Despite these alarming studies, Remdesivir was pushed on the general public as the standard hospital protocol for COVID-19 patients.
Cheap, off-label drugs like Hydroxychloroquine (HCQ) and Ivermectin were targeted in a vicious smear campaign.
The patents for HCQ and Ivermectin expired decades ago, meaning they don’t line the pockets of pharmaceutical companies and hospital executives.
The toxicity and catastrophic kidney damage caused by Remdesivir provided the ultimate setup to blame deaths caused by the drug on COVID-19.
NOQ Report noted:
Watkins and Hamilton discussed the lawsuit the day of the filing at an event called, “Remdesivir Death: Landmark Lawsuit,” where they were joined by medical advocates such as Dr. Peter McCullough, Dr. Bryan Ardis, Dr. Angie Farella, and Dr.
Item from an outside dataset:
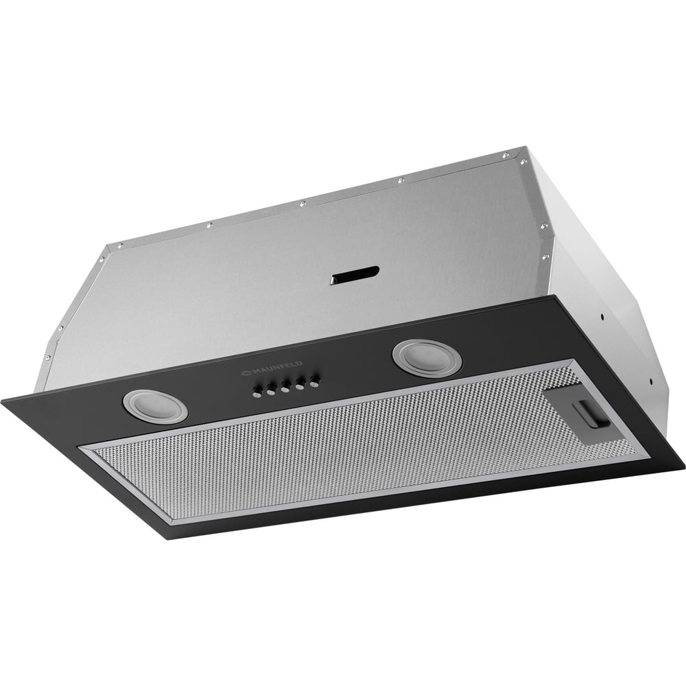 Кухонная вытяжка MAUNFELD черный THAMES 601M BLACK - оптимальное решение для небольшой кухни до 15 кв.м. Модель встраивается в навесной шкаф над поверхностью плиты. Работает в двух режимах - отвода, при подключении к системе вентиляции, и рециркуляции, при использовании сменного угольного фильтра. На фронтальной панели черного цвета находится съемный многослойный жироулавливающий фильтр, выполненный из алюминия.

Janci Linsay, all of whom have spoken out against the use of remdesivir.
Watkins said they filed the lawsuits on the behalf of 14 Fresno-area families who allege that the hospitals engaged in medical deception and failed to provide informed consent in relating the potential side effects, such as kidney failure.
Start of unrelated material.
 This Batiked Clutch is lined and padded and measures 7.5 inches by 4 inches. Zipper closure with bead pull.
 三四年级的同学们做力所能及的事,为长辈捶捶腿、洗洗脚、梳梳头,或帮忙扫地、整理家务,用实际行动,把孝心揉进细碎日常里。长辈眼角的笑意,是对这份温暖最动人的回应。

“Full informed consent means that patients must be provided with full information about the deadly harm that this dangerous experimental drug causes on its own,” the lawsuit states. “They must be told that the only time it was ever tested, it was pulled because it killed so many people.”
The lawsuit references a study found in the New England Journal of Medicine in which a safety board found it to be the least effective and deadliest drug in the trial before it was suspended after 53 percent of the Ebola patients who took the drug died.
The National Institute of Health (NIH) has said it’s the only drug approved by the U.S. Food and Drug Administration to treat COVID-19.
“Remdesivir received Emergency Use Authorization in or around May of 2020, after being recommended by an NIH panel that contained nine individuals with financial ties to its creator, Gilead Sciences,” the lawsuit alleges. “It is very nearly the equivalent of a death sentence for a COVID patient, or a patient with real Pneumonia (as opposed to ‘covid pneumonia’).
Without receiving informed consent before giving remdesivir, the hospitals violated the Nuremberg Code, the lawsuit states, which criminalizes human experimentation performed without informed consent.
In some cases, according to witness testimony, Watkins said in the conference that remdesivir was given even after the patients declined.
The lawsuit addressed the federal financial incentives hospitals received for the protocol.
Hamilton discussed what he said was the financial reward system for the protocols in the conference.
“What I’m going to speak about is the average charge rate for three categories of COVID victims,” Hamilton said.
If a patient is treated and sent home, the average charge rate in California is $3,200, he said.
“If you bring them into the hospital and treat them as a non-complex COVID patient, the average charge rate is $111,000,” he said.
“However, if you treat them as a complex COVID patient, which means you have to either intubate them, or put them in intensive care, by definition they become complex, and for that the average charge rate is roughly $450,000.”
In addition to these charges, hospitals received a bonus from the government via the International Classification of Diseases code that allowed them to charge an extra 20 percent on the entire hospital stay, adding $90,000 to the $450,000.
“So, you can see why there’s a great incentive not to just give them something that works and send them home, but to actually bring them in, find a way to intubate them, call it a complex case, and get $500,000 instead of $3,200. That’s a tremendous financial incentive.”